Ocado deploys AI to catch fraudsters

Ocado deploys AI to catch fraudsters

Ocado also uses machine learning to improve product recommendations and search results
Ocado also uses machine learning to improve product recommendations and search results

Ocado, the world’s largest online-only supermarket, is using cloud and machine learning technologies to detect and tackle fraud.

The retailer’s technology arm, Ocado Technology, has developed what it believes to be the world’s first artificial intelligence (AI)-based fraud detection system for online grocery purchases.

The system relies on an advanced machine learning algorithm, and has already improved Ocado’s precision of detecting fraud – any instance where an order is delivered but not paid for – by a factor of 15. 

“Fraud can happen as a result of a genuine mistake (a customer entering the wrong personal details or using an expired card accidentally) but, occasionally, it can also be the result of malicious intent,” Ocado said in a blog post announcing the new system.

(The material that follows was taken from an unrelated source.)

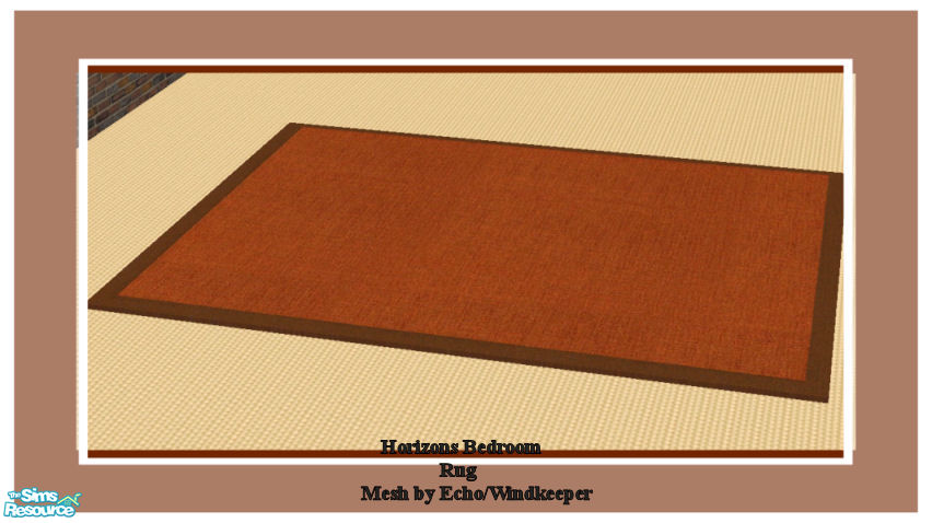 Rug for the horizons bedroom set. Requires Echo/Windkeepers's 3x4 rug mesh to work, which is free and in TSR archives. Found under Decorative Misc.

“If left unchecked, fraud can propagate to other systems and companies and affect our customer service.

“Therefore, we needed a clever way of predicting and recognising these incidents among millions of other normal events. The answer to this complex challenge was to use the cloud and machine learning (ML).”

In addition to detecting fraud, Ocado has also deployed artificial intelligence into its customer service model, with a machine learning software automatically categorising incoming emails instead of employees having to do this manually.

The company said the motivation behind using machine learning for fraud detection was twofold: speed and adaptability.

“Machines are fundamentally more capable of quickly detecting patterns compared to humans,” Ocado said. “Also, as fraudsters change their tactics, machines can learn the new patterns much quicker.”

The new system has been hailed as “a great success” but Ocado stressed that it was keen to continue improving.

“We are now tackling our next challenges: investigating algorithms that could allow us to explain our predictions in more detail, assessing whether we can transfer learnings from one retailer to another, and considering what tools could help us to streamline our process.”